I posted your article elsewhere and someone pointed out this reactor, likely to start test runs this year.


Dobbin Burkhart said...

Devolopement of a new technology is not a matter of time. The main input required is effort.

Steve Bull said...

Just beginning to reread William Catton's Overshoot and your post reminds me of a statement in Stewart Udall's foreward to the text that kind of sums up our plight (and mindset) well: "All the evidence suggests that we have consistently exaggerated the contributions of technological genius and underestimated the contributions of natural resources." (p. xv).

It would appear that science/technology's ability to help solve some of our problems over the past couple of centuries has led to a firm belief that they can do so regularly, as long as the funding and research time/effort is put into it (although it could be argued that these 'solutions' have actually contributed to/exacerbated our predicaments in many (most?) situations--it's all a matter of the time frame one views it from, I suppose).

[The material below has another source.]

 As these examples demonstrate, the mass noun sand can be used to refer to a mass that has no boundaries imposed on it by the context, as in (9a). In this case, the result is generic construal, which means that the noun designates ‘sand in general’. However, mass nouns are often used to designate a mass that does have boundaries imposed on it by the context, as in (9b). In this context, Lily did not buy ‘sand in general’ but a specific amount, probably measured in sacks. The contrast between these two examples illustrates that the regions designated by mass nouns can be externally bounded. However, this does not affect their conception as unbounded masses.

I guess we keep 'believing' because we want to believe in human ingenuity and dominion over nature, and to fight off the cognitive dissonance-created stress that would arise should one of our more core beliefs be challenged.

Until we view technology/science from a different perspective (e.g., tools to aid us in stealing natural resources from future generations to sustain our unsustainable living standards), we are likely to keep believing in their power and 'magic' since thinking otherwise leads to great uncertainty about the future--and humans don't like uncertainty much, if at all.

Kurt Cobb said...

Thanks for all the thoughtful comments. Let me address John Abbe's comment in detail. First, we must always be careful about information in Wikipedia. But if we take the entry on its face, this reactor is a prototype. So, it's coming out about 6 years after the prediction by my radio show host and, of course, it's not a commercial product.

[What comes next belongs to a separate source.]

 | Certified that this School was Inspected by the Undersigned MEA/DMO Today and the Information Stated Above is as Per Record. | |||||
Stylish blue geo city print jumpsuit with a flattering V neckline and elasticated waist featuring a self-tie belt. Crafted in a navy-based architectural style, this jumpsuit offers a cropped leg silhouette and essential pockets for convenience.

It looks like my timeline will roughly hold if this prototype leads to a pilot plant and then a demonstration plant in China. The article states: "Scaled-up commercial reactors based on the LF1 are likely in the 2030s in central and western China..."

But, of course, that's just a prediction. We don't know whether this particular design will prove successful. And, we must keep in mind that nuclear power infrastructure assumes social and political stability with financial flows to government and industry similar to what we see now. And, it assumes the ability to protect nuclear plants from sabotage.

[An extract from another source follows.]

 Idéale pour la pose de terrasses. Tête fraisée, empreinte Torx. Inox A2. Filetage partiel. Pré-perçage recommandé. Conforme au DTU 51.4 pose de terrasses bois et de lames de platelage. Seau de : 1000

All of this may not be so in the decades ahead. When we consider the instability that the COVID virus has brought to the world, we should pause to wonder whether other destabilizing events await: A war between China and the United States? A second, perhaps more deadly pandemic? A devastating financial crash? The political disintegration of large countries such as China and the United States and the possible disintegration of the EU? (We say such things can't happen, but something similar happened to the Soviet Union. It was there one day and then gone the next and very few foresaw it.) An, of course, climate change is becoming wildly destructive and destabilizing and its affects will only get worse.

It's not just the technology that we must consider, but the society in which that technology is supposed to reside. Without the necessary stability, it will be hard to build and deploy a huge new fleet of nuclear power stations across the world. Such a trajectory almost certainly assumes a benign social and political landscape. Call me skeptical.